Positives und Negatives sind im Gedächtnis zusammen abgespeichert
Das liegt daran, dass in unserer Psyche die ersehnten guten Erfahrungen zusammen mit dem damals erlebten Mangel abgespeichert sind. Dann, wenn Sarah gerade anfängt, die Aufmerksamkeit von Melanie zu genießen, werden -unbemerkt- auch die Erinnerungen an das alte Leid berührt. Deshalb fährt das Sicherungssystem hoch, um zu verhindern, dass sich das alte Leid wiederholt. Das macht es ganz subtil und in der Regel vollkommen unbemerkt. So als würde es damit ausdrücken: „Ich halte dich jetzt besser davon ab, dich allzu sehr auf das gute Gefühl einzulassen. Weil ich befürchte, dass es gleich genauso wie damals ablaufen wird. Dann erlebst du wieder die große Enttäuschung und dieses schreckliche Gefühl, dass du es nicht wert bist, das zu bekommen, was du so dringend brauchst.“
Für Sarah bedeutet dieser unbewusste Sicherungsmechanismus, dass sie das heilende Potenzial der Begegnungen mit Melanie nicht ausschöpfen kann.
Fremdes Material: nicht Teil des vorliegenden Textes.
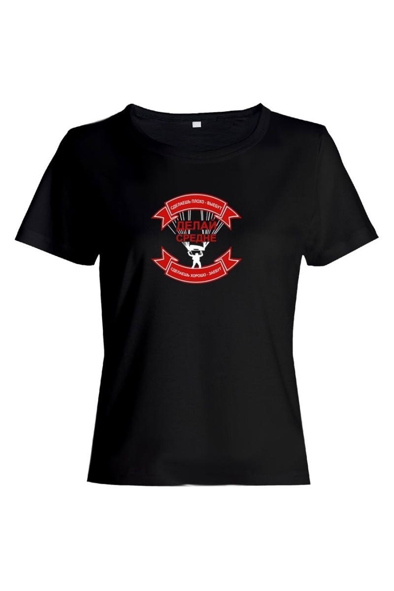 Футболка для женщины с забавным текстом "Делай средне". Настало время шоппинг-террапии. Такая покупка способна поднять даже самое плохое настроение. В большой компании у вас велик шанс, что вы привлечете к себе внимание. Смешные футболки определенно им понравятся. Не забудьте рассказать дорогим друзьям, где вы раздобыли такое сокровище. Чем отличаются женские футболки от мужских? Они приталенные, а вырез увеличен. Одежда натуральна, 100% хлопок. Порадуйте такой футболкой лучшую подругу или сестру. Можете приобрести одинаковые - станьте роднее, почувствуйте себя близнецами, которых некоторые так любят одевать одинаково. Чтобы футболка подарила вам заряд счастья, выберите правильный размер. В нашем магазине футболки идут размер в размер. На сайте имеется таблица размеров. Уточните размер, ведь маленькая футболка вам точно не нужна, купите свободную. Пусть будет на размер больше, а не меньше.

Das bedeutet auch, dass ihre seit der Kindheit begonnene Suche nach einer „guten Mutter“ nie ans Ziel findet.
Würde es dieses Sicherungssystem nicht geben, bräuchte kaum ein Mensch noch Psychotherapie! Aber jeder hat so ein Sicherungssystem und es ist umso stärker, je mehr belastende Erfahrungen man in seiner Kindheit machen musste.
So ein Sicherungssystem hat jeder und fatalerweise hält es uns Menschen genau von den positiven Erfahrungen ab, die wir seit unserer Kindheit am meisten vermissen.
Weil jeder andere Erfahrungen gemacht hat, zeigt es sich bei jedem ein bisschen anders. Wer danach sucht, kann es leicht erkennen. Denn es arbeitet mit ganz einfachen Mitteln. So einfach, dass man es schon nicht mehr für einen Trick oder eine Strategie hält, sondern als angemessen und stimmig akzeptiert. Wenn einer die vielen Pflichten als Ausrede vorschiebt, um sich nicht auf einen schönen Moment einzulassen, dann arbeitet hier bereits dieses Schutzsystem. Der ablenkende Gedanke an die anderen „so wichtigen Aufgaben“ reicht oft schon aus. Und wenn man dem nicht nachgibt, findet die Psyche noch andere „Argumente“.